The Food Quality Protection Act of 1996 (FQPA) requires that in the case of threshold effects "an additional tenfold margin of safety for the pesticide chemical residue and other sources of exposure be applied to infants and children to take into account potential pre- and post-natal toxicity and completeness of the data with respect to exposure and toxicity to infants and children......the Administrator may use a different margin of safety for the pesticide chemical residue only if, on the basis of reliable data, such margin will be safe for infants and children". The FQPA Safety Factor Committee will make FQPA safety factor recommendations on all food-use chemical risk assessments generated by OPP following the guidance in the policy paper, The Office of Pesticide Programs' Policy on Determination of the Appropriate FQPA Safety Factor(s) for Use in the Tolerance-Setting Process (149 KB, PDF).

II. SCOPE

In determining whether an additional FQPA safety factor is needed, the Health Effects Division (HED) Safety Factor Committee (FQPA SFC) will consider: 1) the contribution of hazard and dose response evaluations; 2) the contribution of exposure assessment(s); 3) the characterization of the hazard (toxicology data base) and exposure (dietary food, dietary drinking water, and residential) data bases; and 4) the degree of concern regarding the potential for pre- and postnatal effects. Each pesticide will be considered on a case-by-case basis and the safety factor recommendation will be made using a weight-of-evidence approach in the course of the risk assessment process as the risk characterization is being developed and the hazard and exposure assessments are being completed.

III. PROCEDURES
(For special procedures for Section 18 Emergency Exemptions, see Section VIII below.)

In order to assess the completeness of the data used in risk assessments and any potential effects on infants and children, the Committee will have at its disposal the report of the HED Hazard Identification Assessment Review Committee (HIARC) and written responses to sets of standard questions regarding the hazard and exposure information (dietary food, dietary drinking water and residential exposure considerations) prepared by the reviewers.

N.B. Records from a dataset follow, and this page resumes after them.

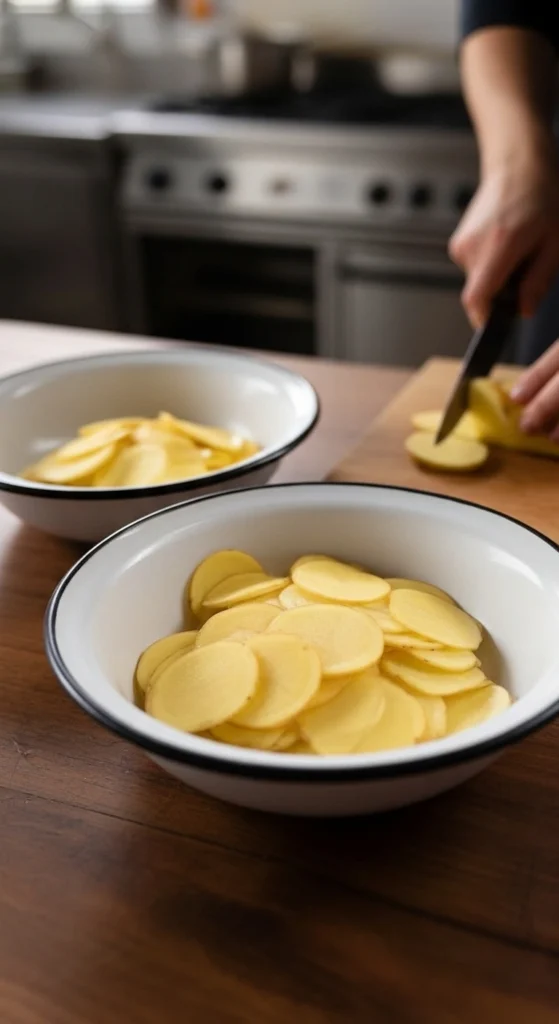 Étape 1 – Couper les pommes de terre :À l’aide d’une mandoline ou d’un couteau bien aiguisé, découpez les pommes de terre en fines rondelles.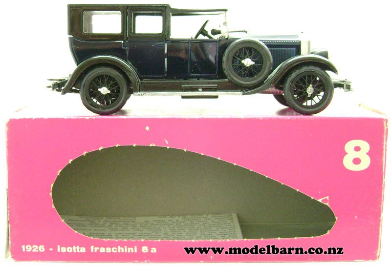 1/43 Isotta Fraschini Type 8A Coupe De Ville Car 1926. Made by RIO. Features right-hand drive, opening rear doors, good detail. This is a used item in good condition but may have small imperfections. The box is in good condition & has some marks & creases. Only 1 available. This vehicle is 128mm long, 44mm wide & 46mm high.This item is not suitable for children.The Isotta Fraschini Type 8A is a luxury car made by the Italian manufacturer Isotta Fraschini from 1924 until 1931. It was the successor to the Type 8 model, with a new 7.3-litre straight-eight engine to replace the 5.9-litre unit used in the previous model. This new engine could produce 115–160 PS (85–118 kW). This was the most powerful mass-produced straight-8 engine in the world at that time. The Type 8A was offered only with bare chassis and engine for the coachbuilders. The Isotta Fraschini car company promised that every car could do 150 km/h (93 mph). The car was very luxurious and it cost more than a Model J Duesenberg. Around one third of these cars were sold in the United States. The characteristic car body was made by Swiss manufacturer Carrosserie Worblaufen.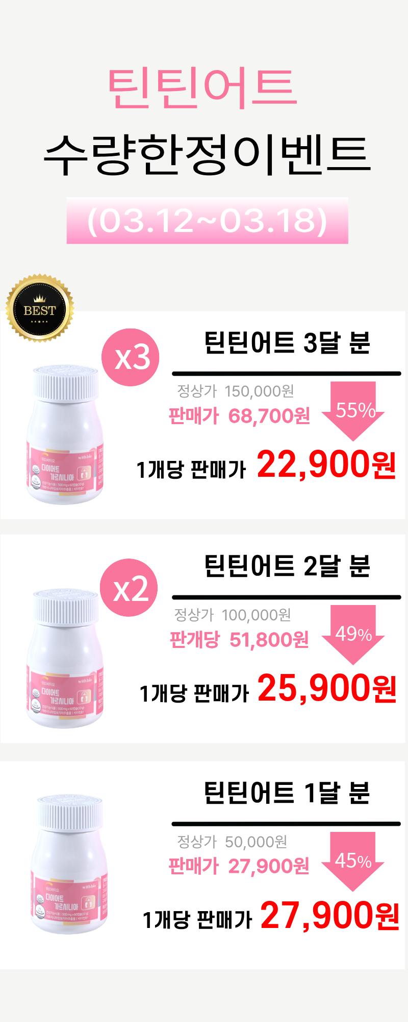 ✔︎ 10차 매진 감사합니다, 8월 22일 11차 출고 확정!✔︎ 10대 다이어트 설문 부분 1위(I사)✔︎ 고객님 후기인증 2000개+✔︎ 식약처 다이어트 인증 성분 첨가✔︎ 내장지방 감소가 입증된 가르시니아 고함량 함유✔︎ 지방을 분해해주는 녹차추출분말 함유✔︎ 살 안찌는 체질로 만들어주는 진짜👍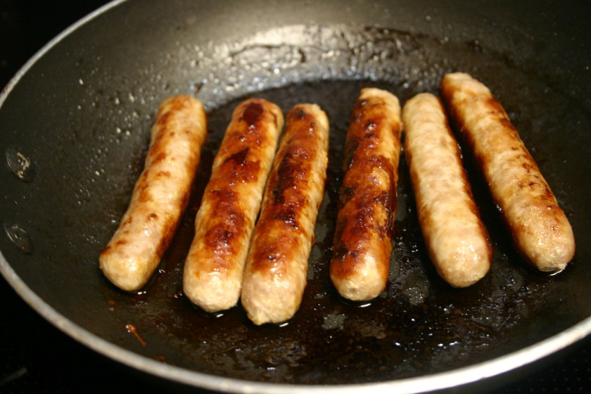 Place sausage links in a small skillet. Add about 1/4 cup of water. Place skillet over medium-high heat, cover and let cook until most of the water has evaporated and the sausage is steam-cooked. Remove lid, let sausage links brown, turning as necessary. Keep warm until ready to use.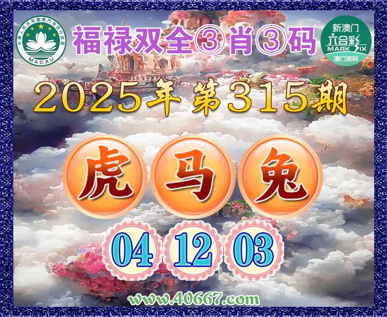 315期:《福禄双全》 🎆③肖③码🎆【马兔】【04.12.03】开:虎04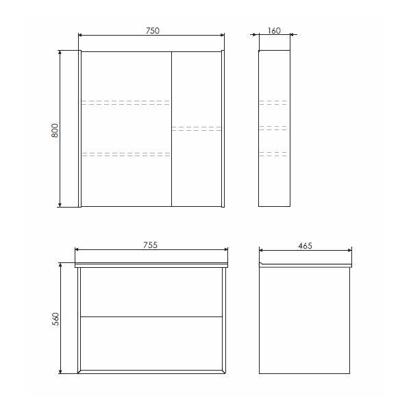 Габариты (ШхВхГ): 750*800*160 мм.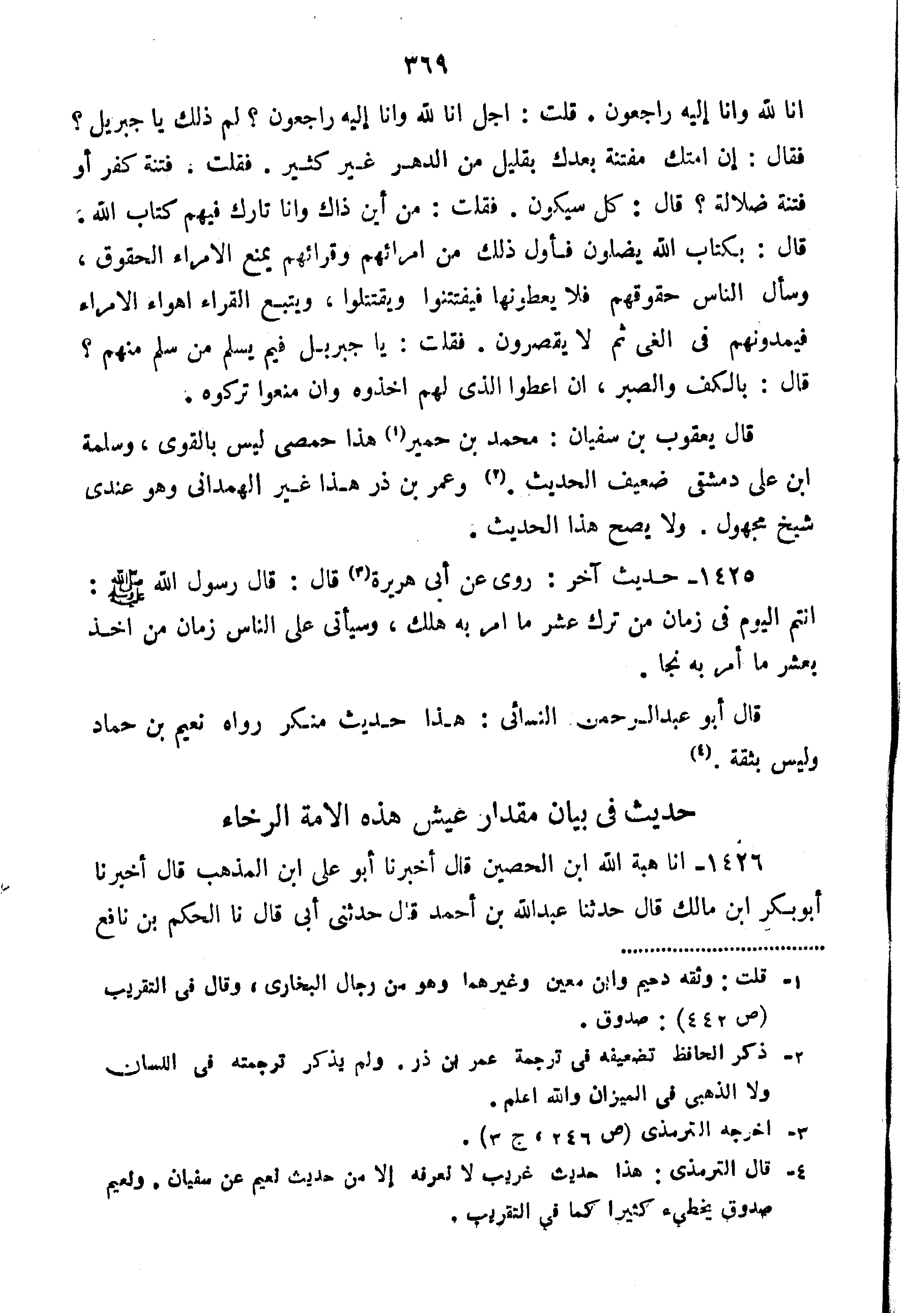 إِنَّا لِلَّهِ وَإِنَّا إِلَيْهِ رَاجِعُونَ قُلْتُ: أَجَلْ إِنَّا لِلَّهِ وَإِنَّا إِلَيْهِ رَاجِعُونَ؟ لِمَ ذَلِكَ يَا جِبْرِيلُ؟ فَقَالَ إِنَّ أُمَّتَكَ مُفْتَنَةٌ بعدك قليل من كَثِيرٍ فَقُلْتُ فِتْنَةُ كُفْرٍ أَوْ فِتْنَةٌ ضَلالَةٍ قَالَ كُلٌّ سَيَكُونُ فَقُلْتُ مِنْ أَيْنَ ذَاكَ وَأَنَا تَارِكٌ فِيهِمْ كِتَابَ اللَّهِ قَالَ بِكِتَابِ اللَّهِ يَضِلُّونَ فَأَوَّلُ ذَلِكَ مِنْ أُمَرَائِهِمْ وَقُرَّائِهِمْ يَمْنَعُ الأُمَرَاءُ الْحُقُوقَ وَسَأَلَ النَّاسُ حُقُوقَهُمْ فَلا يُعْطُونَهَا فَيُفْتَنُوا وَيَقْتَتِلُوا وَيَتْبَعُ الْقُرَّاءُ أَهْوَاءَ الأُمَرَاءِ فَيَمُدُّونَهُمْ فِي الْغَيِّ ثُمَّ لا يَقْصِرُونَ فَقُلْتُ يَا جِبْرِيلُ فِيمَ يَسْلَمُ مَنْ سَلِمَ مِنْهُمْ؟ قَالَ بِالْكَفِّ وَالصَّبْرِ إِنْ أُعْطُوا الَّذِي لَهُمْ أَخَذُوهُ وَإِنْ مُنِعُوا تَرَكُوهُ". قال يعقوب بْن سُفْيَان مُحَمَّد بْن حمير هَذَا حمصي ليس بالقوي وسلمة بْن علي دمشقي ضعيف الحديث وعمر بن ذر الهمداني وهو عندي شيخ مجهول ولا يصح هَذَا الحديث".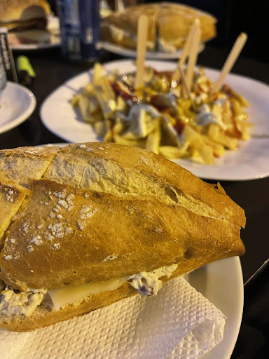 Yo no sé cómo ese bar está abierto fui por primera vez ayer y me encontré un pelo en un bocadillo que me pedí segundo tardo unos 40 minutos en hacer dos bocadillos y dos sándwiches el camarero atendiendo y con el móvil en la oreja hablando por llamada la otra camarera le dan la comida y no sabe ni a donde llevarlo y cuando se lo traes le preguntas que es y te dice que no sabe encima le digo lo del pelo al camarero y se queja como que le molesto que se lo dijera ni disculpas me pidió pienso que es un local el cual sale adelante porque es el único por la zona pero no se lo recomiendo a nadie hay se cocina sin guantes sin nada para cubrir el pelo y encima el camarero fumando en la puerta del bar y todo el mundo esperando a que termine para que les lleve las cosas tardo otros 10 minutos en traerme la cuenta cuando él no estaba haciendo nada estaba con el móvil hablando mientras yo esperaba a que me diera la cuenta pero bueno que me voy a esperar de una persona que no sabe lo que es el respeto asía los clientes y la educación (NO LO RECOMIENDO) MALÍSIMO PD: tengan cuidado con los precios porque parece que es un local de lujo 19€...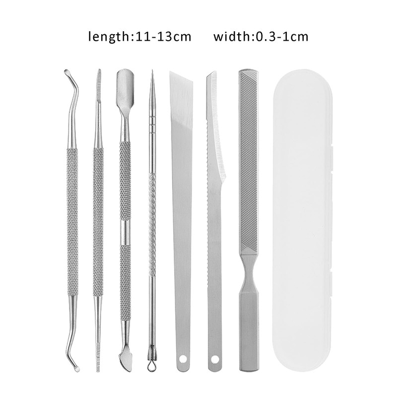 • Rostfrei Und Langlebig - aus rostfreiem Stahl, rostfrei und alterungsbeständig, kann für eine lange Zeit verwendet werden, jedes Stück des 7-teiligen Sets hat seine eigene Funktion, kümmern Sie sich gut um Ihre Füße, sie sind mit rutschfesten Kurven entworfen, leicht zu greifen und einfach zu bedienen, perfekt für die Reinigung von Schutt und Schmutz tief in das Fleisch zu Hause von selbst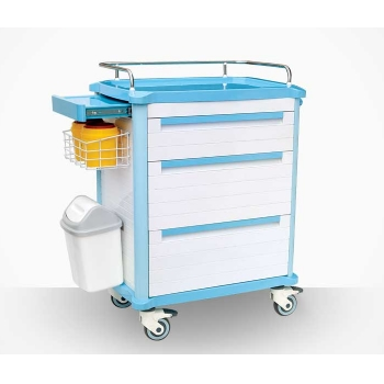 ABS治療車 FG-E-04產品概述:尺寸:783*504*940MM1.臺面采用ABS模具成型,車體輕便,容易清潔;上臺面配透明軟玻璃。2.立柱采用3MM厚度鋁合金型材,強度高,耐磨抗腐蝕,外形美觀...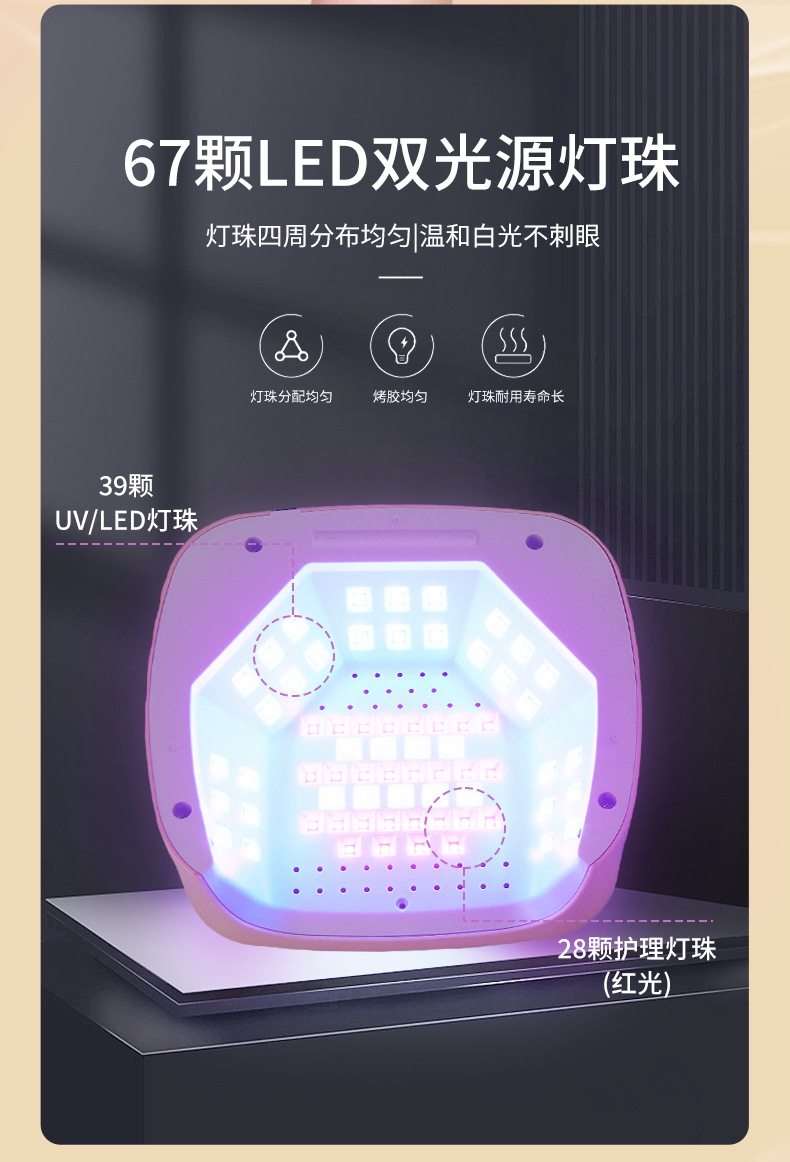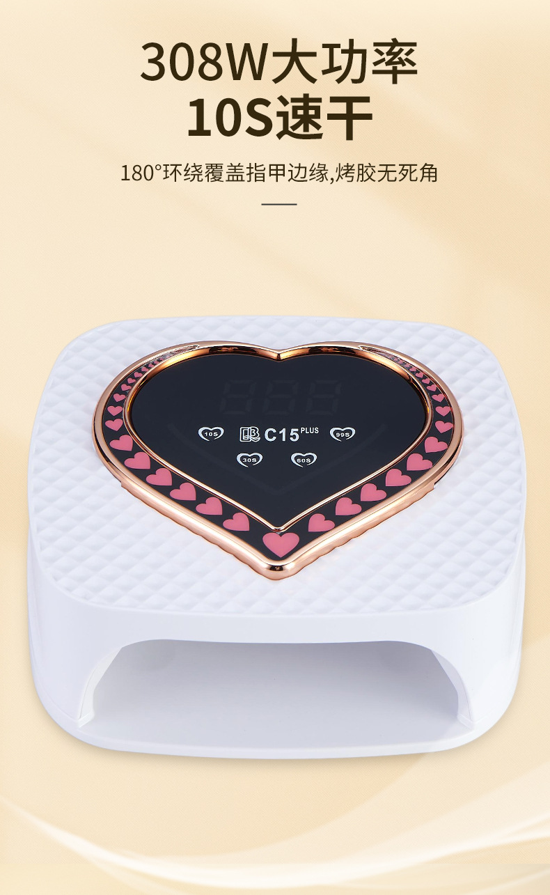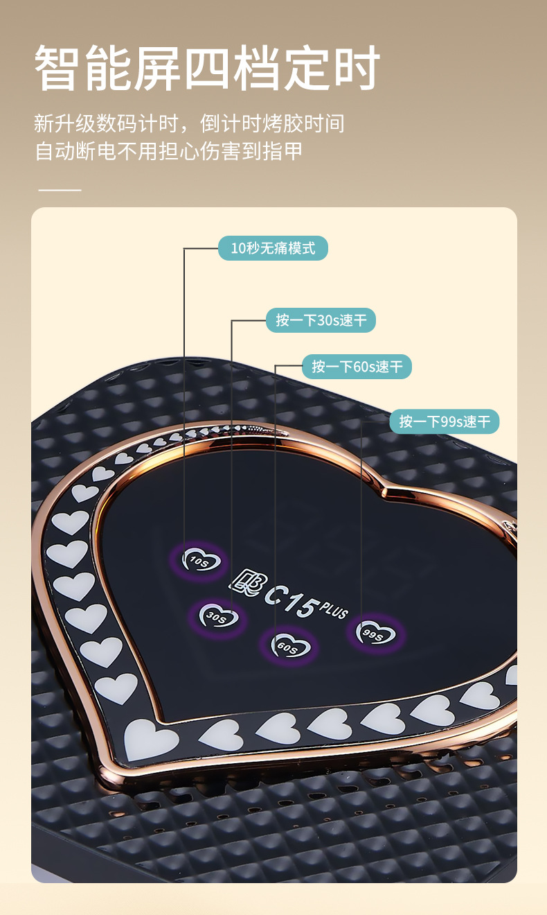方形C15plus美甲灯七彩流线大功率快干UV甲油胶烘甲器多灯珠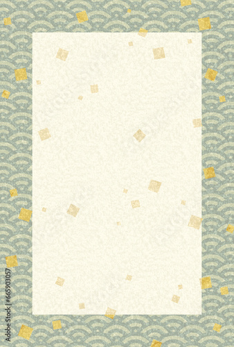 © Nakashige, Obraz premium 和風のフレーム・背景素材1(はがきサイズ・青海波・金箔)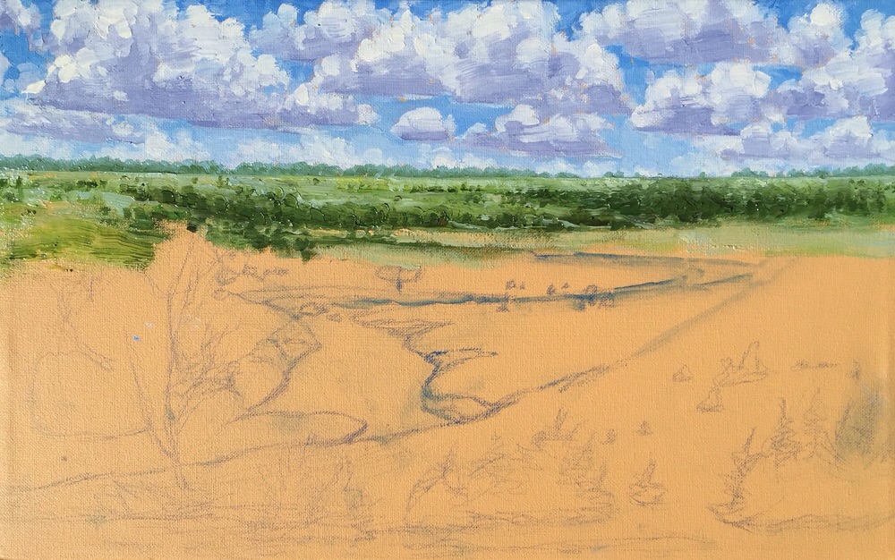 This study 10″x16″, Upcoming commissioned painting 30″x48″.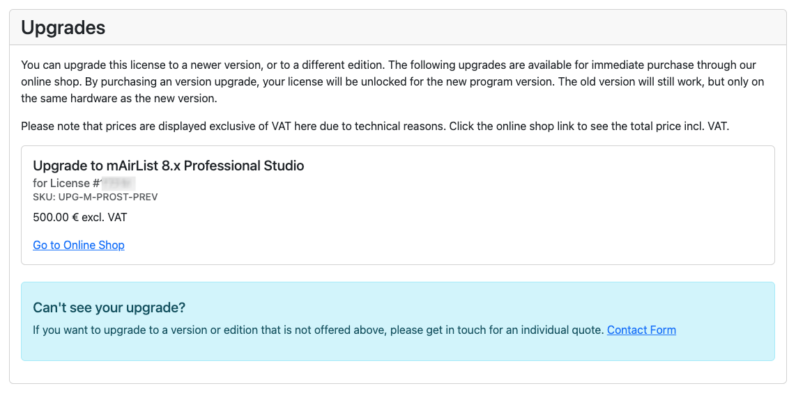 When you go the license details, the exact upgrade price is displayed, and you can proceed to the online shop to buy the upgrade:

Using the guidance provided in the Office of Pesticide Programs' Policy document, the final FQPA safety factor recommendation is made by consensus of the Committee members based upon weight-of-evidence consideration of: 1) the level of confidence in the hazard and exposure assessments; 2) the degree of concern for potential toxicity to the unborn, infants and children; and 3) any residual uncertainties that are not accounted for in the hazard and exposure assessments. If a consensus cannot be reached on the safety factor recommendation, the Committee will seek guidance from the HED, Environmental Fate and Effects Division (EFED), Registration Division (RD), and Special Review and Reregistration Division (SRRD) Directors. The final decision on the FQPA safety factor is made by OPP senior management, informed by the science presented in the risk characterization and the recommendation of the HED FQPA Safety Factor Committee.

IV. ATTENDEES

All chemical reviewers, risk assessors, designated branch chiefs, and appropriate risk managers representing RD or SRRD will attend the meeting to answer any additional questions that may arise during the deliberations of the committee. Each of the hazard and exposure assessment areas should be represented (toxicology, dietary food exposure, dietary drinking water exposure, and residential exposure). If a reviewer, assessor, or risk manager is unable to attend, that reviewer, assessor, or risk manager will designate an appropriate person to attend in their absence.

V. SCHEDULING A MEETING
(For Section 18 Emergency Exemptions, see Section VIII below.)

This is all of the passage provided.